In message <>de>, Julian Reschke writes:

>        ascii_string = * %x20-7e
>                # This is a "safe" string in the sense that it
>                # contains no control characters or multi-byte
>                # sequences.  If that is not fancy enough, use
>                # unicode_string.
>        unicode_string = * unicode_codepoint
>                # XXX: Is there a place to import this from ?
>                # Unrestricted unicode, because there is no sane
>                # way to restrict or otherwise make unicode "safe".
>It's not clear why there's even a distinction...

To give designers of HTTP headers a trivial way to define strings
which are "safe" and free from needless complexity vs. strings where
the recipient should be prepared to deal with BOM, RLM and "MAN

>Also, it needs to be stated whether the grammar is octet or character 
>based. For an abstract datamodel, the latter probably makes more sense.

The abstract data model is abstract, so it is obviously neither.

For the h1 serialization, I don't see how it makes a difference, unless
somebody is running HTTP/1 in EBCDIC or Morse-code ?

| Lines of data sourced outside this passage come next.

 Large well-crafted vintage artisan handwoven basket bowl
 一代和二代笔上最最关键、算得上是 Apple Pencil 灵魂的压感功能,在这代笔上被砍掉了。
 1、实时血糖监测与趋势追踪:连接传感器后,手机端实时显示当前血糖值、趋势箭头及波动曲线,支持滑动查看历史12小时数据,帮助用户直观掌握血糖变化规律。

>        h1_common-structure-header =
>                ( field-name ":" OWS ">" h1_common_structure "<" )
>                        # Self-identifying HTTP headers
>                ( field-name ":" OWS h1_common_structure ) /
>                        # legacy HTTP headers on white-list, see {{iana}}
>Do not mix message block ABNF with field value ABNF. Just define what's 
>inside the field value.
>        h1_element = identifier * (";" identifier ["=" h1_value])
>Shouldn't the second "identifier" be "token"?

yes, probably.

>How would a generic recipient decide whether it needs to handle "\u"? 
>What's the point of having different ABNF productions?

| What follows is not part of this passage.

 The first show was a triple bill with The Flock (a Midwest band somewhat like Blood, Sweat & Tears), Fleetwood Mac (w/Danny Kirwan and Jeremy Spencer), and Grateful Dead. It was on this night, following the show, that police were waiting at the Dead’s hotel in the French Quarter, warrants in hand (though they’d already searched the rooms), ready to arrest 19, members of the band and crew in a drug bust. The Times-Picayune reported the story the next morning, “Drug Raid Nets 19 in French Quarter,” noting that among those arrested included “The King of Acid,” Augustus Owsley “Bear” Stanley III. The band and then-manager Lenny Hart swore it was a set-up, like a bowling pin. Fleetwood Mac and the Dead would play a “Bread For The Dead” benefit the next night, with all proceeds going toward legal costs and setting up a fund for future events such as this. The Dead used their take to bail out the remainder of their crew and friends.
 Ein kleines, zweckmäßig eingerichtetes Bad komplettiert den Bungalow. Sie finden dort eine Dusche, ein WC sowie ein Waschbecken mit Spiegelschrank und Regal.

Based on the definition/data-dictionary of the header in question.

Remember:  This is only the data-model/h1-serialization, for each
HTTP header, it will (still) be necessary to define what the data
is/can be.

>Also: this puts raw non-ASCII UTF-8 in the string value. It's not clear 
>that this is a good idea for HTTP/1, 

Neither is it obvious that it is going to cause any problems.

For reasons of transmission efficiency, I'm not keen on mandating
\uXXXX for all non-ascii unicode unless experimentation on the live
indicates that we have to, or if we decide for reasons of purity
that HTTP/1 can never have the high bit set.

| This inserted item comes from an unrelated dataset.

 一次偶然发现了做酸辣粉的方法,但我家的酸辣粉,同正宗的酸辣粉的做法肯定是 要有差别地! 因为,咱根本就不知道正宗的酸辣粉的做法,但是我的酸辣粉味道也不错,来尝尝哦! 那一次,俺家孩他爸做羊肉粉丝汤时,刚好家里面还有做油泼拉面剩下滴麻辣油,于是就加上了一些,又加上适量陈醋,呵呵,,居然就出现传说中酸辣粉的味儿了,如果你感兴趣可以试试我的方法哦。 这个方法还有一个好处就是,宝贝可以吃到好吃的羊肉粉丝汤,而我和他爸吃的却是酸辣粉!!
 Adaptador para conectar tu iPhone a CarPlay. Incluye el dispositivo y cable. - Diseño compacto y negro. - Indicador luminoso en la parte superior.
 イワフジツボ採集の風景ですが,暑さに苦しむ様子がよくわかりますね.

Either way, another good reason to keep the "safe" string type.

>        h1_common_structure = ">" h1_common_structure "<"
>That's a bit too recursive

No, that is deliberately making recursion possible, as the simplest
possible way to define complex datastructures.

>(speaking of which: "_" isn't allowed in ABNF names)


Poul-Henning Kamp       | UNIX since Zilog Zeus 3.20
phk@FreeBSD.ORG         | TCP/IP since RFC 956
FreeBSD committer       | BSD since 4.3-tahoe    
Never attribute to malice what can adequately be explained by incompetence.